5. Visualization of the better model
shine bright!
plot_summs(model2, plot.distributions = TRUE, inner_ci_level = .9)
Again, here can be seen coefficients with confidence intervals of the best (second) model: - age is nearly on the line - gender crosses the line with it’s confidence interval - and for different levels of meeting frequency everything great!
Effects
plot_model(model2, type = "pred")[[1]]
Age has significant negative effect and with greater age level of happiness expected to lower.
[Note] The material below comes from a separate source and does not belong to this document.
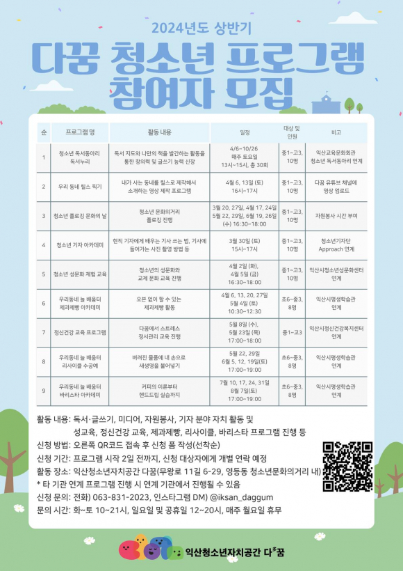 Âü¿©ÀÚ´Â ¼±Âø¼ø ¸ðÁýÀ̸ç, ÀÚ¼¼ÇÑ ³»¿ëÀº ´Ù²Þ 2024 »ó¹Ý±â û¼Ò³â Ȱµ¿ ÇÁ·Î±×·¥ À¥Æ÷½ºÅ͸¦ ÂüÁ¶ÇÏ¸é µÈ´Ù./È«µ¿±â ±âÀÚ |  | | | ¨Ï ÀÍ»ê½Å¹® | |

plot_model(model2, type = "pred")[[2]]
Gender is not significant so that picture can be scipped.
plot_model(model2, type = "pred")[[3]]
And level of happiness significantly affected by meeting frequency with positive direction!
Summary
It does not matter what gender are you - just spend time with your friends more while you are young and be happy!